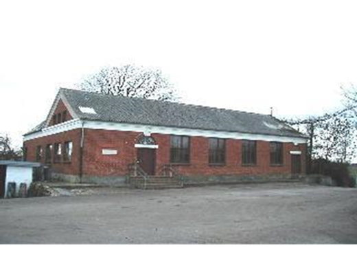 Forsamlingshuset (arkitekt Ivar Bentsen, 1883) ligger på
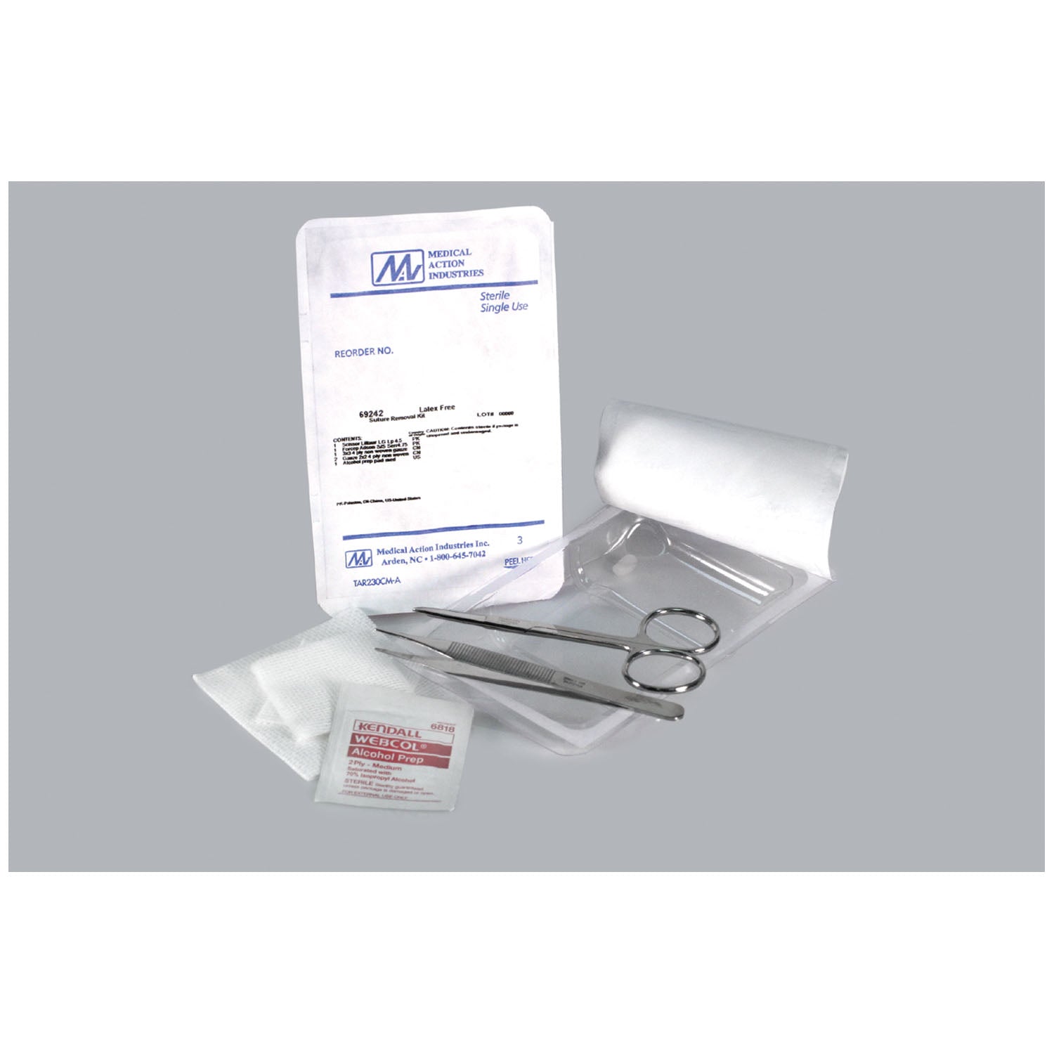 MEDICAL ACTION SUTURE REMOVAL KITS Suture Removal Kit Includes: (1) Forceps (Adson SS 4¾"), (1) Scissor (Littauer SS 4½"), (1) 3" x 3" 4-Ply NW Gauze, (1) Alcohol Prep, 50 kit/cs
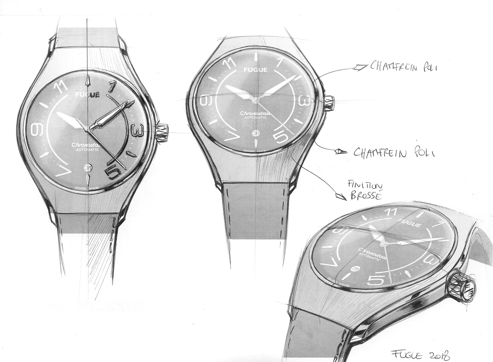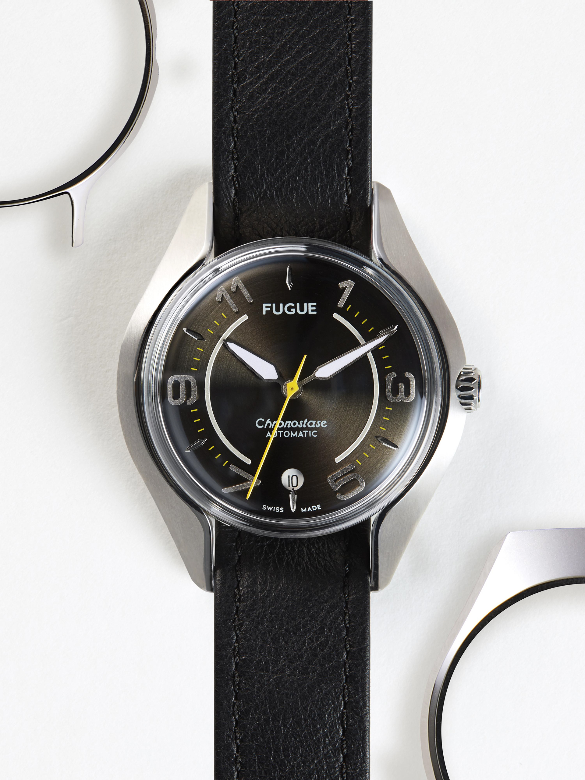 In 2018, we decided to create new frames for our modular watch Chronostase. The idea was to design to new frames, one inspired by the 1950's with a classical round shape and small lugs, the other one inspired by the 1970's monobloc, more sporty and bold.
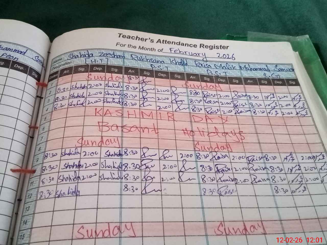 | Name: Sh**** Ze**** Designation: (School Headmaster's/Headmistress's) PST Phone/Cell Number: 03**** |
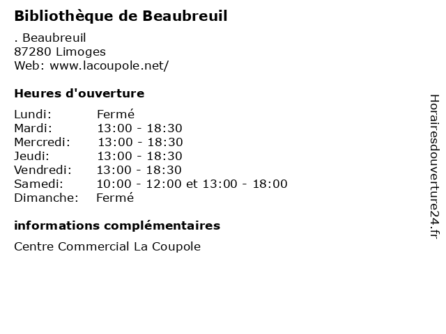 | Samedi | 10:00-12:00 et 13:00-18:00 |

********************

Goal of the exercise: When copying the listing above, begin at its first line and stop after the line with "In 2018, we", keeping each line exact and dropping the pictures.

Solution below:
 Forsamlingshuset (arkitekt Ivar Bentsen, 1883) ligger på
 MEDICAL ACTION SUTURE REMOVAL KITS Suture Removal Kit Includes: (1) Forceps (Adson SS 4¾"), (1) Scissor (Littauer SS 4½"), (1) 3" x 3" 4-Ply NW Gauze, (1) Alcohol Prep, 50 kit/cs
 In 2018, we decided to create new frames for our modular watch Chronostase. The idea was to design to new frames, one inspired by the 1950's with a classical round shape and small lugs, the other one inspired by the 1970's monobloc, more sporty and bold.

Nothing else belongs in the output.